DATA EXTRACTS
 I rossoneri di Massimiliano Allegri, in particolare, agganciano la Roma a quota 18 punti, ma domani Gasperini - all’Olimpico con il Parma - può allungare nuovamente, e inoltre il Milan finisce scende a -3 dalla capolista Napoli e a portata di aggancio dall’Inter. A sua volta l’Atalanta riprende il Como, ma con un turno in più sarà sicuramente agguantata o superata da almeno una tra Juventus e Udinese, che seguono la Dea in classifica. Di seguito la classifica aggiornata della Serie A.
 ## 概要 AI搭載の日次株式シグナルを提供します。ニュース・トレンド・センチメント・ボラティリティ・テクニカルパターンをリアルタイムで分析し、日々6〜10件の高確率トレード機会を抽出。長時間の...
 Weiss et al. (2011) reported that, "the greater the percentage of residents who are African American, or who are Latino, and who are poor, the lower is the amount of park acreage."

==

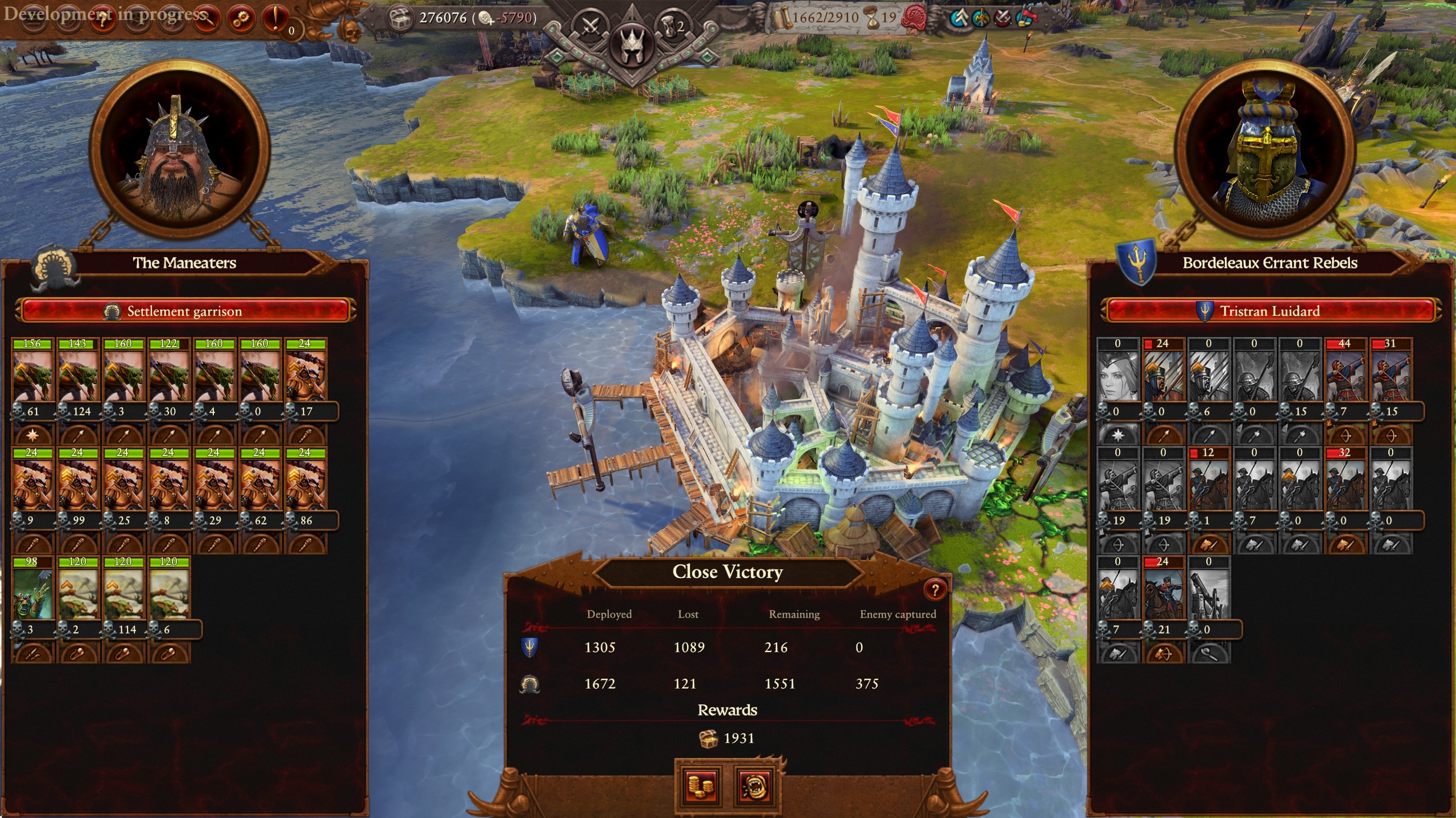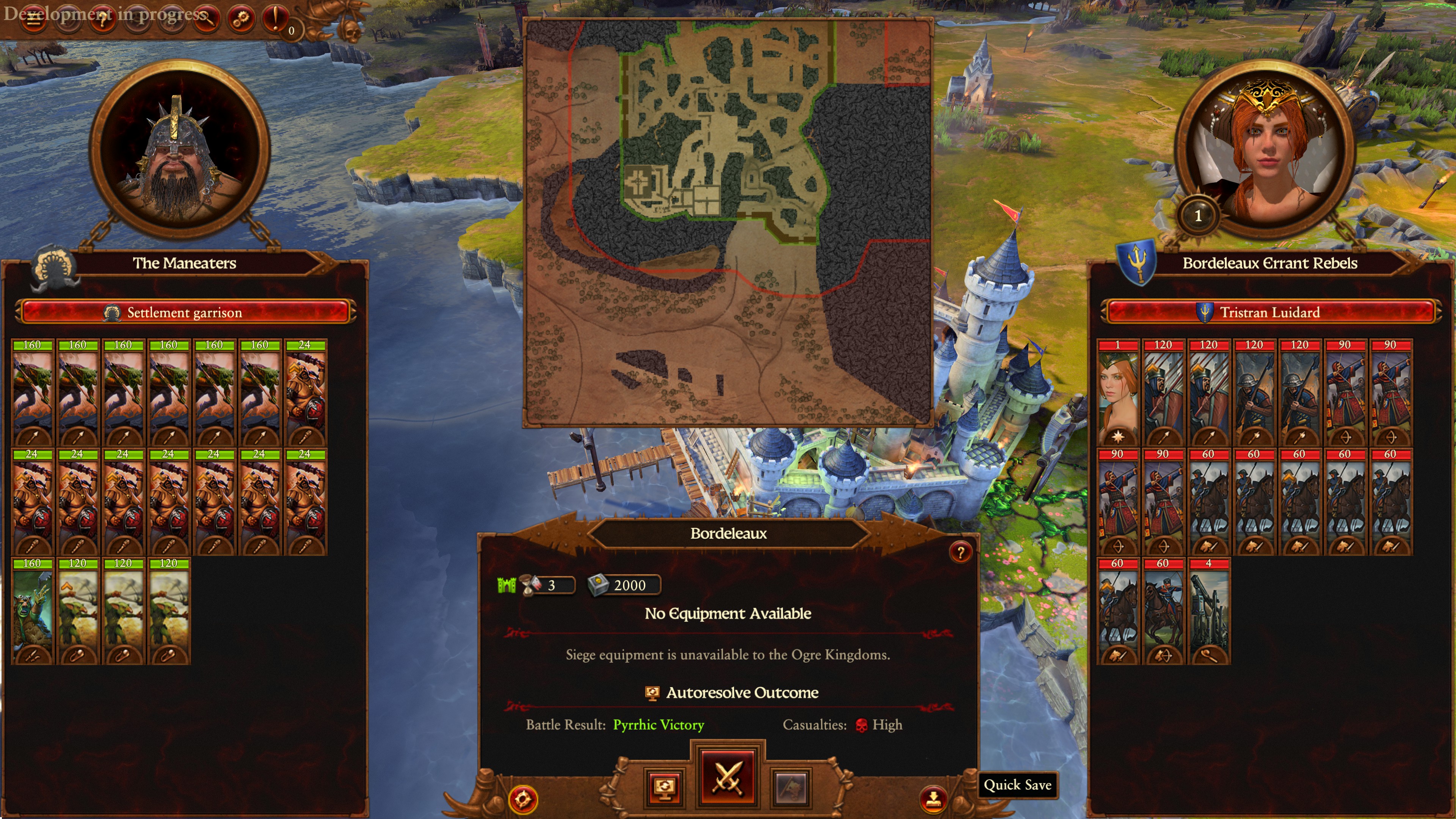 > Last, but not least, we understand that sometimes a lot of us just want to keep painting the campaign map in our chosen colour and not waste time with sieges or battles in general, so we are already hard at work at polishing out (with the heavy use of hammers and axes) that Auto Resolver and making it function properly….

EXERCISE INSTRUCTIONS
Take the line above containing "I rossoneri di", the line containing "Weiss et al.", and all lines in between, and copy them exactly without anything else.

RESPONSE TO THIS TASK
 I rossoneri di Massimiliano Allegri, in particolare, agganciano la Roma a quota 18 punti, ma domani Gasperini - all’Olimpico con il Parma - può allungare nuovamente, e inoltre il Milan finisce scende a -3 dalla capolista Napoli e a portata di aggancio dall’Inter. A sua volta l’Atalanta riprende il Como, ma con un turno in più sarà sicuramente agguantata o superata da almeno una tra Juventus e Udinese, che seguono la Dea in classifica. Di seguito la classifica aggiornata della Serie A.
 ## 概要 AI搭載の日次株式シグナルを提供します。ニュース・トレンド・センチメント・ボラティリティ・テクニカルパターンをリアルタイムで分析し、日々6〜10件の高確率トレード機会を抽出。長時間の...
 Weiss et al. (2011) reported that, "the greater the percentage of residents who are African American, or who are Latino, and who are poor, the lower is the amount of park acreage."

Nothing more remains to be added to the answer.